GIVEN RECORDS:
◇ ◇ ◇
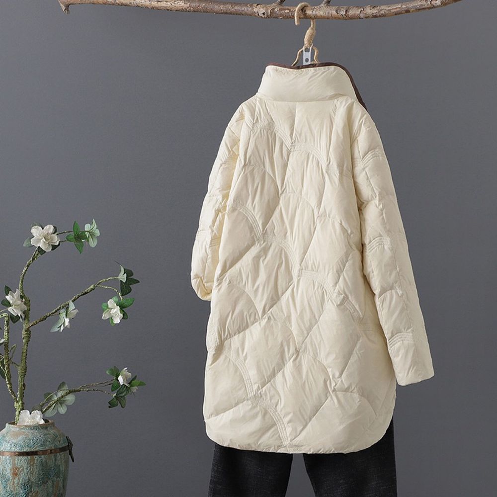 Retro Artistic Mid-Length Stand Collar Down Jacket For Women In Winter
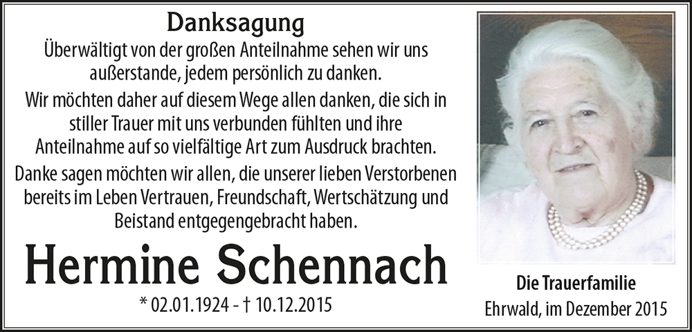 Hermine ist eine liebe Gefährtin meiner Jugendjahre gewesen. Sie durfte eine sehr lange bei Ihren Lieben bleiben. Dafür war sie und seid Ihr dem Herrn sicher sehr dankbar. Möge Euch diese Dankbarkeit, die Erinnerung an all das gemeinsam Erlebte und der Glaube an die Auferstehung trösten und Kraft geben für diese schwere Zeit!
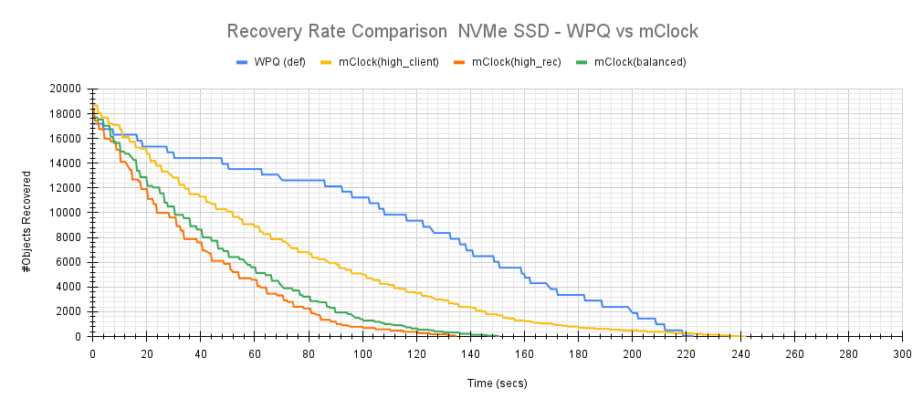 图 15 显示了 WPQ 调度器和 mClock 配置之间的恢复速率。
◇ ◇ ◇
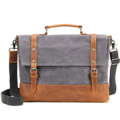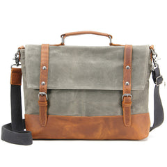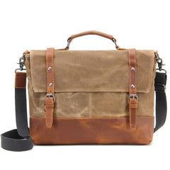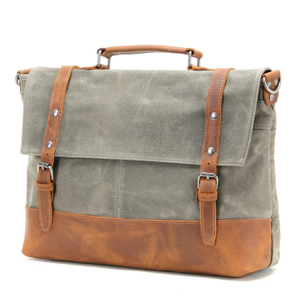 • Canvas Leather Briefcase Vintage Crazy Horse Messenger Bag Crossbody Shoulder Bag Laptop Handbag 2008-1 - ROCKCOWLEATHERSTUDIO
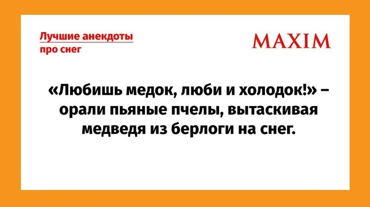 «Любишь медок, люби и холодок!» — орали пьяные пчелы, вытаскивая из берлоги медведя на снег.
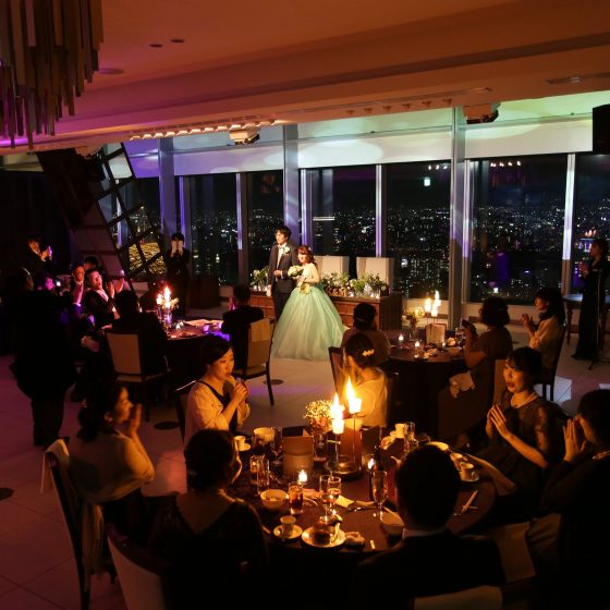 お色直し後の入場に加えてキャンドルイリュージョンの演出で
◇ ◇ ◇
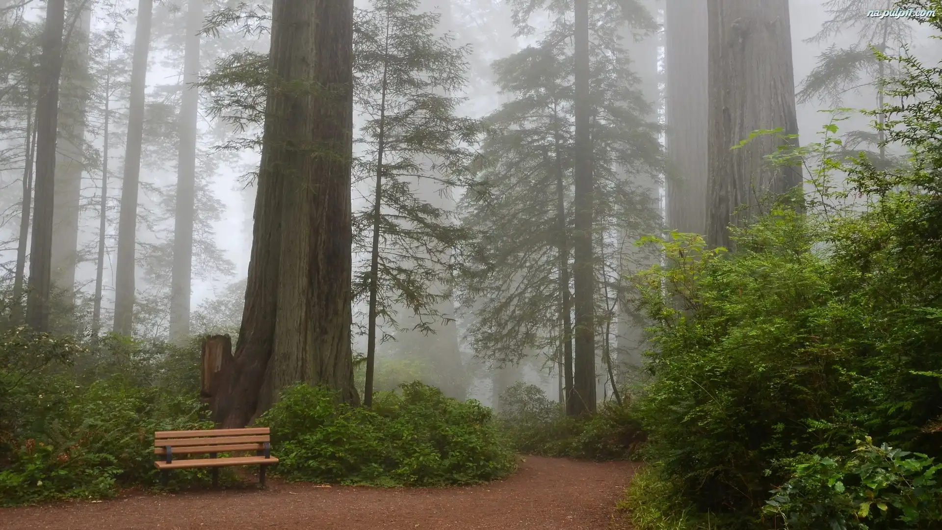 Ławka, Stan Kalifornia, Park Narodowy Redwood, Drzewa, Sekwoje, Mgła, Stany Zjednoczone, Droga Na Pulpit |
◇ ◇ ◇
YOUR TASK:
Given the records above, return the lines starting at the one that holds "2008-1 - ROCKCOWLEATHERSTUDIO" and ending at the one that holds "お色直し後の入場に加えてキャンドルイリュージョンの演出で", exactly, and nothing besides; leave every picture out.

REPLY:
 • Canvas Leather Briefcase Vintage Crazy Horse Messenger Bag Crossbody Shoulder Bag Laptop Handbag 2008-1 - ROCKCOWLEATHERSTUDIO
 «Любишь медок, люби и холодок!» — орали пьяные пчелы, вытаскивая из берлоги медведя на снег.
 お色直し後の入場に加えてキャンドルイリュージョンの演出で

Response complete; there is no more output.